> [What is required]: Leave out any pictures and transcribe all other data below exactly.

> [Exercise data]:
• • • • •

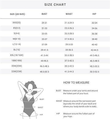 Size: To achieve the perfect fit, please take accurate measurements first and then consult our carefully crafted size chart to suit our swimwear designs. The available sizes are: XS, S, M, L , XL , 2XL ,3XL(18W).
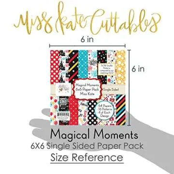 Show moreIntroducing the **6x6 Pattern Paper Pack – Magical Moments** by Miss Kate Cuttables! This premium specialty paper collection is designed for scrapbooking, card making, and a variety of craft projects. With **64 single-sided sheets**, each measuring 6"x6", you'll find a delightful assortment of **16 different enchanting patterns**, all with **4 sheets of each design**. The vibrant, high-definition prints feature whimsical themes like polka dots, balloons, fireworks, cameras, castles, and more — perfect for celebrating those joyful vacation memories and special occasions.
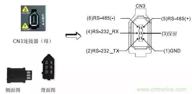 驅(qū)動(dòng)器通過CN3端口與電腦PLC、HMI等上位機(jī)相連接,采用MODBUS通訊來控制驅(qū)動(dòng)器,可使用RS232、RS485進(jìn)行通訊。
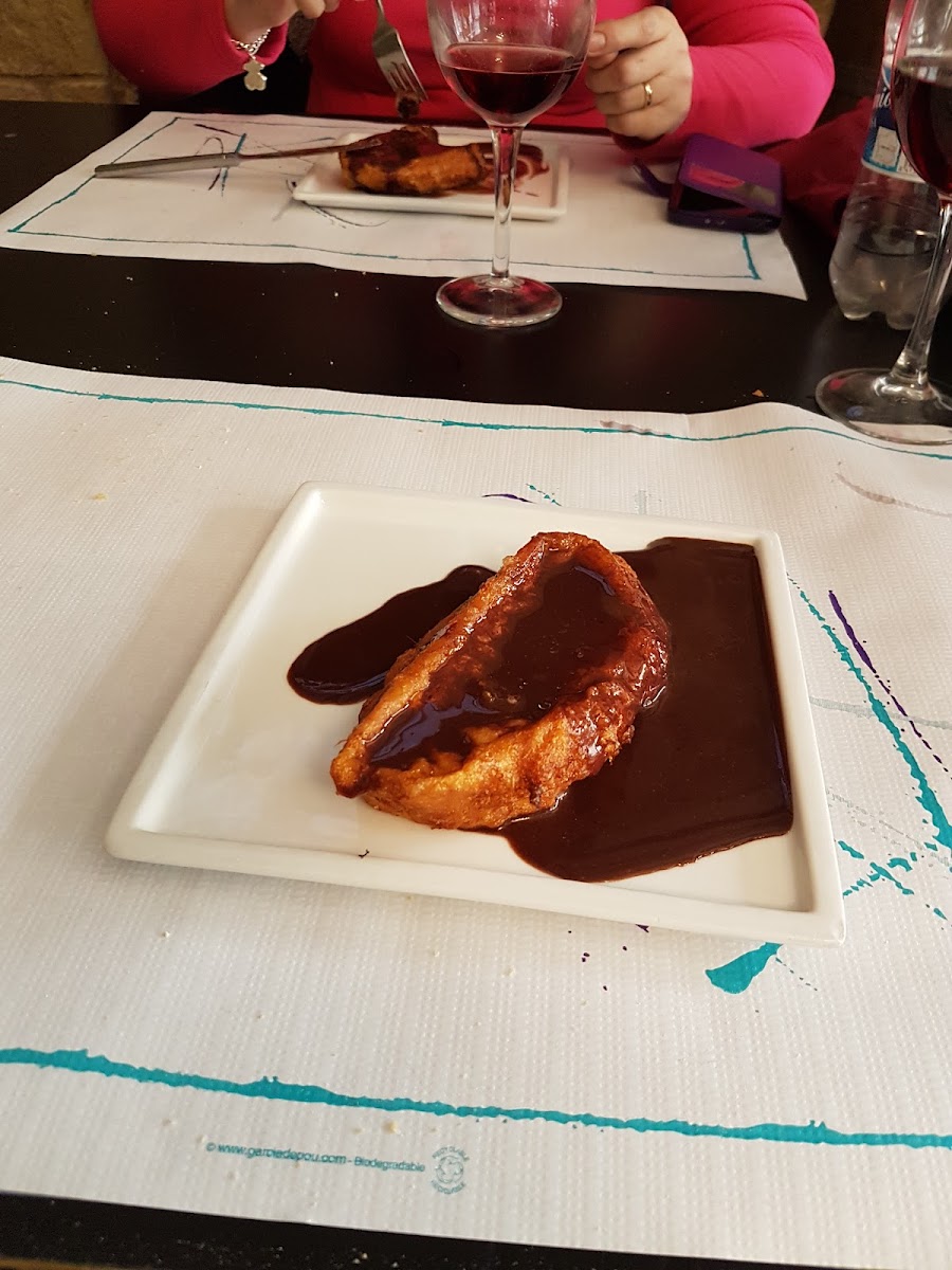 The menu at Tapería Santa Clara is a delightful journey through classic Spanish flavors. Among the highlights, the Pincho Pote stands out for its perfect balance of ingredients and generous portions, making it an ideal starter or accompaniment to drinks. Equally impressive is the Pincho de Bonito, a tender, flavorful bite that captures the essence of the sea, crafted with care and presented beautifully. For those with a sweet tooth, the Torrija Con Chocolate Liquido is a must-try; its soft, custardy texture paired with rich chocolate makes it a standout dessert on any review of the restaurant. And of course, no visit is complete without sampling the Patatas Bravas, crispy on the outside, fluffy on the inside, and coated with that signature spicy sauce that keeps diners coming back.

• • • • •

> [Result of this task]:
 Size: To achieve the perfect fit, please take accurate measurements first and then consult our carefully crafted size chart to suit our swimwear designs. The available sizes are: XS, S, M, L , XL , 2XL ,3XL(18W).
 Show moreIntroducing the **6x6 Pattern Paper Pack – Magical Moments** by Miss Kate Cuttables! This premium specialty paper collection is designed for scrapbooking, card making, and a variety of craft projects. With **64 single-sided sheets**, each measuring 6"x6", you'll find a delightful assortment of **16 different enchanting patterns**, all with **4 sheets of each design**. The vibrant, high-definition prints feature whimsical themes like polka dots, balloons, fireworks, cameras, castles, and more — perfect for celebrating those joyful vacation memories and special occasions.
 驅(qū)動(dòng)器通過CN3端口與電腦PLC、HMI等上位機(jī)相連接,采用MODBUS通訊來控制驅(qū)動(dòng)器,可使用RS232、RS485進(jìn)行通訊。
 The menu at Tapería Santa Clara is a delightful journey through classic Spanish flavors. Among the highlights, the Pincho Pote stands out for its perfect balance of ingredients and generous portions, making it an ideal starter or accompaniment to drinks. Equally impressive is the Pincho de Bonito, a tender, flavorful bite that captures the essence of the sea, crafted with care and presented beautifully. For those with a sweet tooth, the Torrija Con Chocolate Liquido is a must-try; its soft, custardy texture paired with rich chocolate makes it a standout dessert on any review of the restaurant. And of course, no visit is complete without sampling the Patatas Bravas, crispy on the outside, fluffy on the inside, and coated with that signature spicy sauce that keeps diners coming back.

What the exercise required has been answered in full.